*** Block opens ***

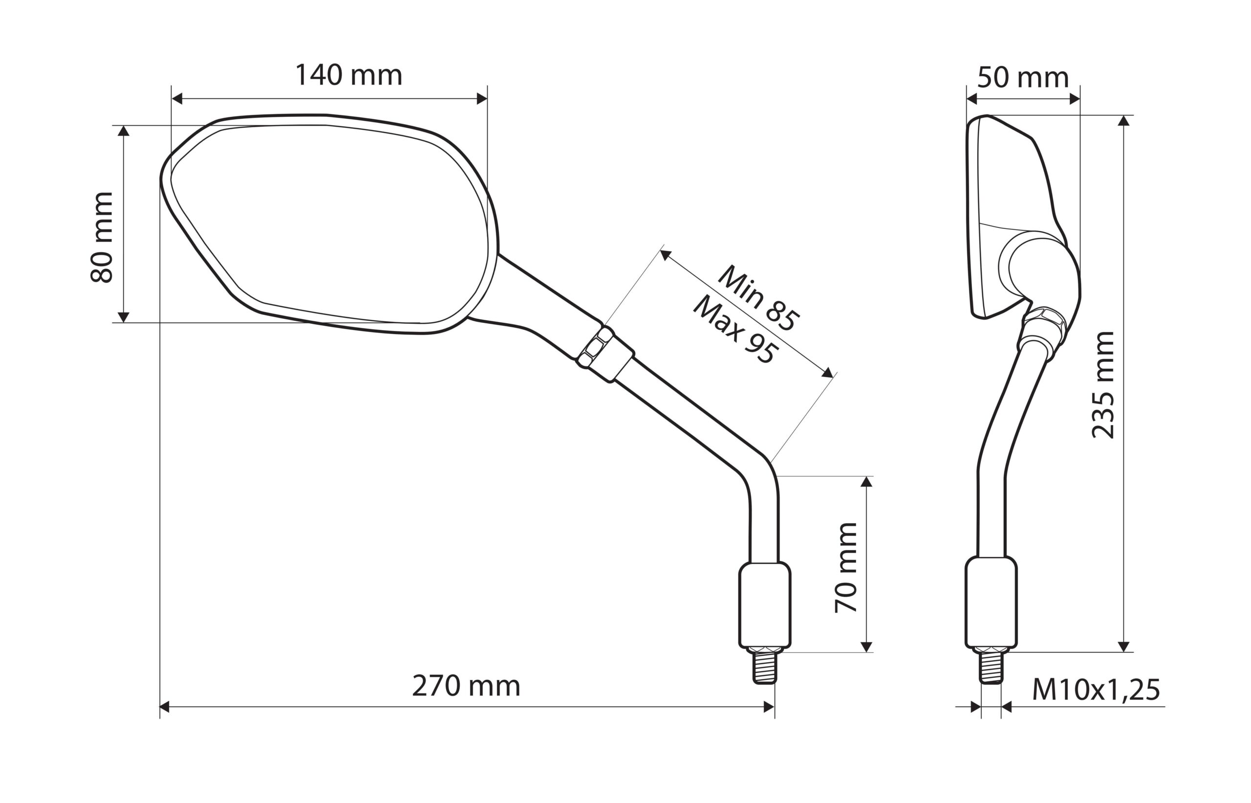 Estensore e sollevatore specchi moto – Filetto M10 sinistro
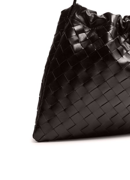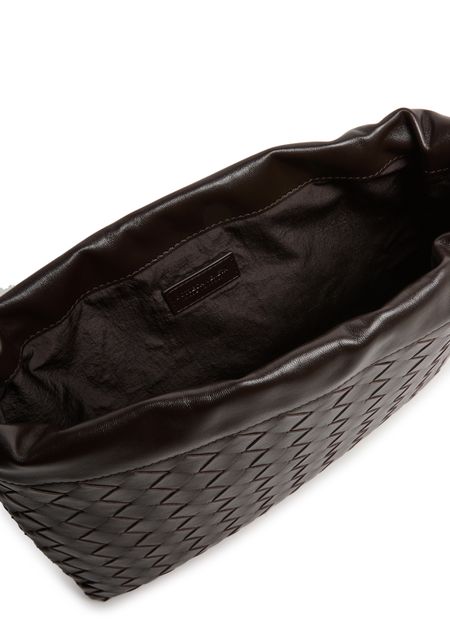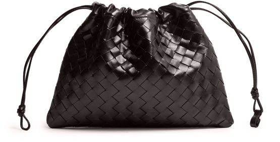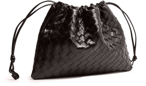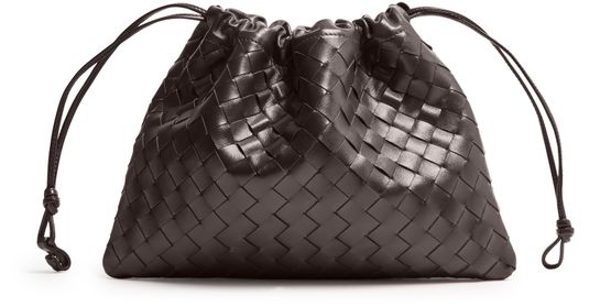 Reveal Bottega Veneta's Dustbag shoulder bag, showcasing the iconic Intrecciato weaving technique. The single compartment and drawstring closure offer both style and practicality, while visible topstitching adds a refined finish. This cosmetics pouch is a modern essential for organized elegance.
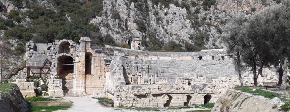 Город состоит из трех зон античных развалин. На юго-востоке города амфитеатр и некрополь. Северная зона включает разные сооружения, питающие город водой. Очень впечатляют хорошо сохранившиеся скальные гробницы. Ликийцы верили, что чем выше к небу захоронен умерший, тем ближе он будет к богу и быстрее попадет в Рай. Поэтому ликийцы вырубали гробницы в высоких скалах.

*** Block closes ***

> **ASSIGNMENT**: Ending at the line with "Reveal Bottega Veneta's", reproduce exactly the lines that begin at the top of the data, and include no pictures.

> **ANSWER TO THE PROBLEM**:
 Estensore e sollevatore specchi moto – Filetto M10 sinistro
 Reveal Bottega Veneta's Dustbag shoulder bag, showcasing the iconic Intrecciato weaving technique. The single compartment and drawstring closure offer both style and practicality, while visible topstitching adds a refined finish. This cosmetics pouch is a modern essential for organized elegance.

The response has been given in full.